OkHttp线程池和连接池
了解了OkHttp的网络请求流程以及拦截器实现原理,再关注OkHttp中两个重要的:OkHttp的线程池和连接池。
1、OkHttp线程池
在OkHttp网络请求流程一文中,我们分析了OkHttp异步和同步请求流程。请求最后都在Dispatcher中分发调度处理,最后被ExecutorService执行。
1.1、Dispatcher
Dispatcher中执行任务的执行器是executorService。
private var executorServiceOrNull: ExecutorService? = null
val executorService: ExecutorService
get() {
if (executorServiceOrNull == null) {
executorServiceOrNull = ThreadPoolExecutor(0, Int.MAX_VALUE, 60, TimeUnit.SECONDS,
SynchronousQueue(), threadFactory("$okHttpName Dispatcher", false))
}
return executorServiceOrNull!!
}
Dispatcher有两个构造器:一个默认无参,一个带ExecutorService参数。
constructor()
constructor(executorService: ExecutorService) : this() {
this.executorServiceOrNull = executorService
}
1.2、默认线程池
如果没有设置OkHttp线程执行器,其内部有一个默认的executorServiceOrNull,会充当Dispatcher的任务执行器,默认实现如下:
executorServiceOrNull = ThreadPoolExecutor(0, Int.MAX_VALUE, 60, TimeUnit.SECONDS,
SynchronousQueue(), threadFactory("$okHttpName Dispatcher", false))
无核心线程,最大线程数量无上限,线程空闲存活时间60s,关于线程池详见线程池 Executors。

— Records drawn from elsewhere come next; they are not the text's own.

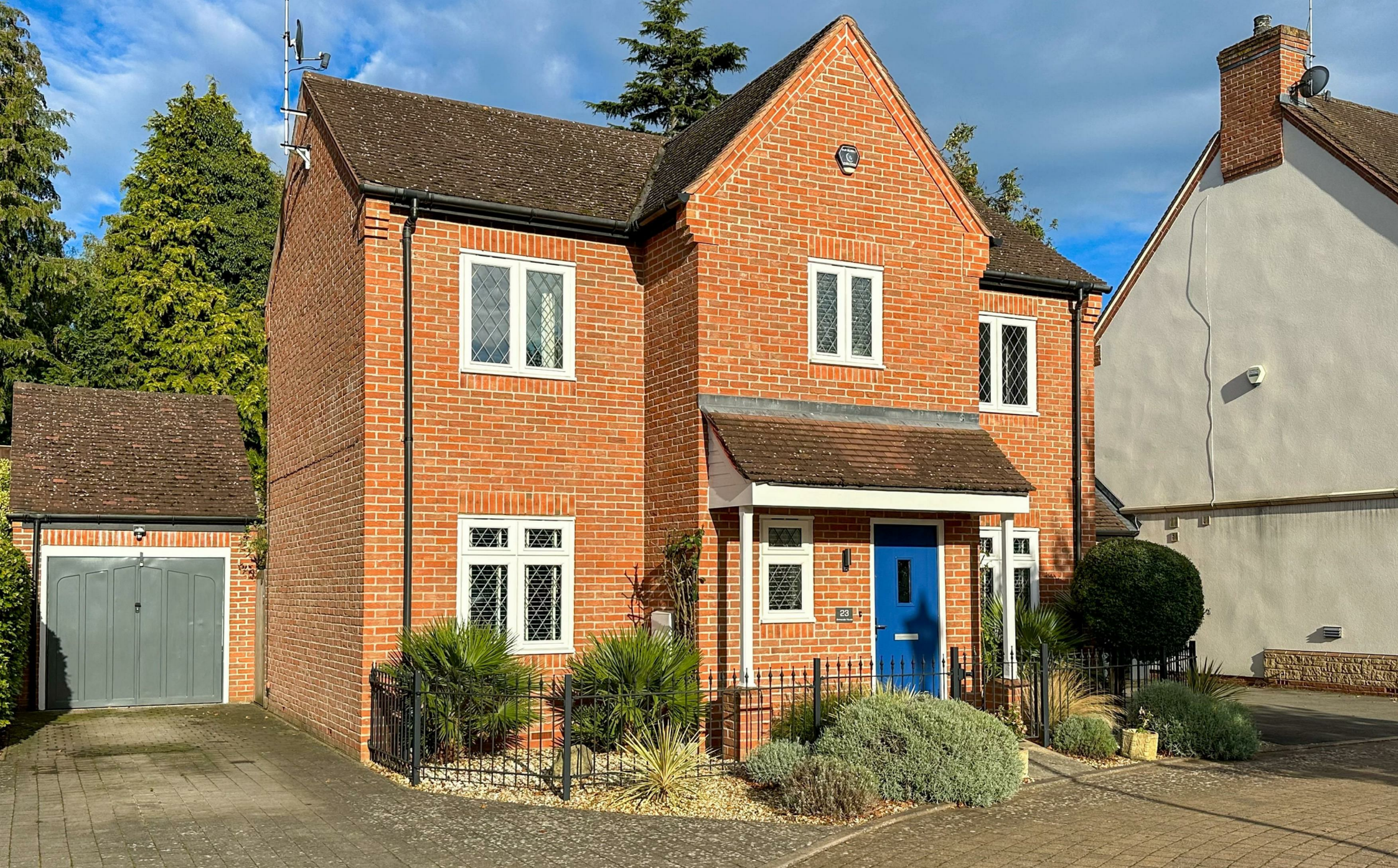
23 Elgin Gardens, Stratford-Upon-Avon, CV37 7BG Guide Price £695,000
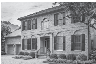
24 Sandalfoot Court Deck w/ Automatic Awning OFFERED AT $1,198,000
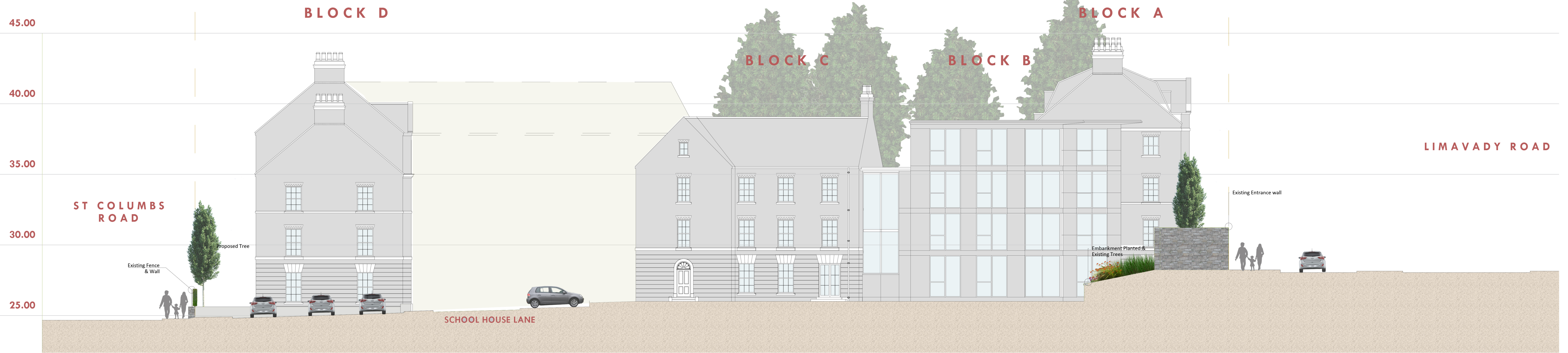
Landscape Section Section A-A
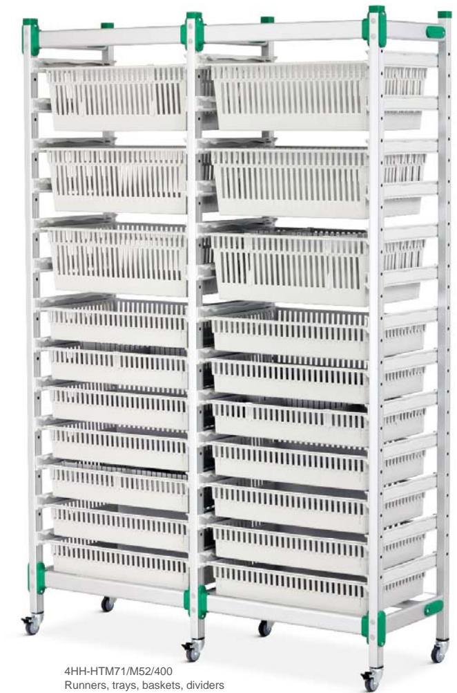
4HH-HTM71/M52/400 Runners, trays, baskets, dividers not included (order separately)
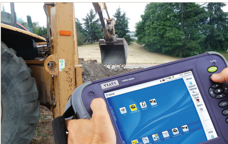
Portable and upgradeable platform with interchangeable test modules increases technician productivity

The flexibility of interchangeable module carriers and various plug-in modules let users create a platform that meets today's specific testing needs and yet it can evolve seamlessly to meet tomorrow's ever-changing network requirements.
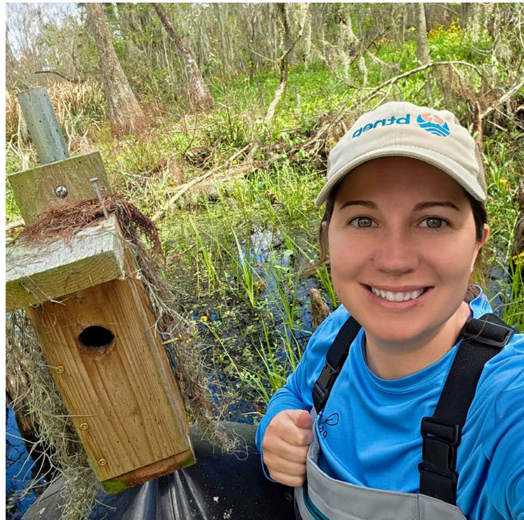
Warbler Nest Boxes
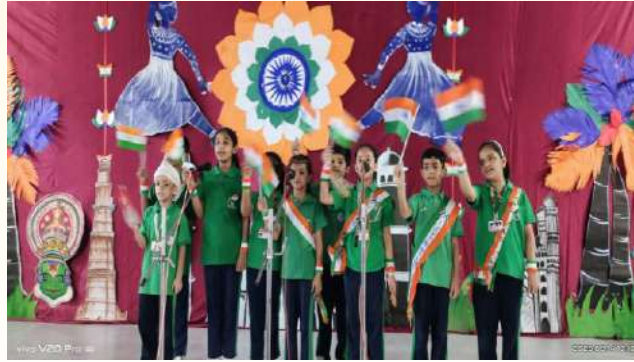
Green House attained Third Position
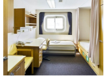
Twin Cabin - Private Facilities 1 sofa bed, 1 lower berth, writing desk, window
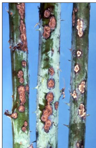
Figure 2. Anthracnose symptoms on thornless blackberry cane.

slightly raised purple margins. The spots are often so close together on black and purple raspberries that they form large irregular areas (cankers). The cankers may encircle the cane, sometimes causing the death of the cane beyond the canker. The bark in badly cankered areas often splits. Late season infections result in superficial gray, oval spots. The spots have definite margins, but are not sunken. They may become so numerous that the spots blend together, covering large portions of the cane. This is the characteristic “gray bark” symptom which is common on red raspberry. Dark colored specks (fungal fruiting bodies) develop in circles on the gray bark. Anthracnose sometimes attacks the leaves and can cause some leaf drop. Small spots, about 1/16 inch in diameter, with light gray centers and purple margins appear on the leaves. Lesion centers later fall out, leaving a shot hole effect.
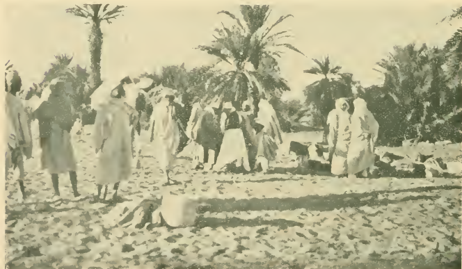
LOADING AT AWARDEL.

①核心线程数量0:保持在线程池中的线程数量,为0代表线程空闲后不会保留。
②Integer.MAX_VALUE:表示线程池可以容纳最大线程数量。
③TimeUnit.SECOND:当线程池中的线程数量大于核心线程时,空闲的线程就会等待60s才会被终止,如果小于,则会立刻停止。
④SynchronousQueue:同步队列,按序排队,先来先服务。
⑤threadFactory("$okHttpName Dispatcher", false):线程工厂。
1.3、队列限制
既然默认的executorServiceOrNull线程池无上限,不断的接受网络请求任务会不会导致线程数量太多而引起OOM呢?
不会的,OkHttp会控制进入线程池执行的任务数量,还记得在OkHttp网络请求流程一文中异步请求涉及到的两个异步队列:
/** Ready async calls in the order they'll be run. */
private val readyAsyncCalls = ArrayDeque<AsyncCall>()
/** Running asynchronous calls. Includes canceled calls that haven't finished yet. */
private val runningAsyncCalls = ArrayDeque<AsyncCall>()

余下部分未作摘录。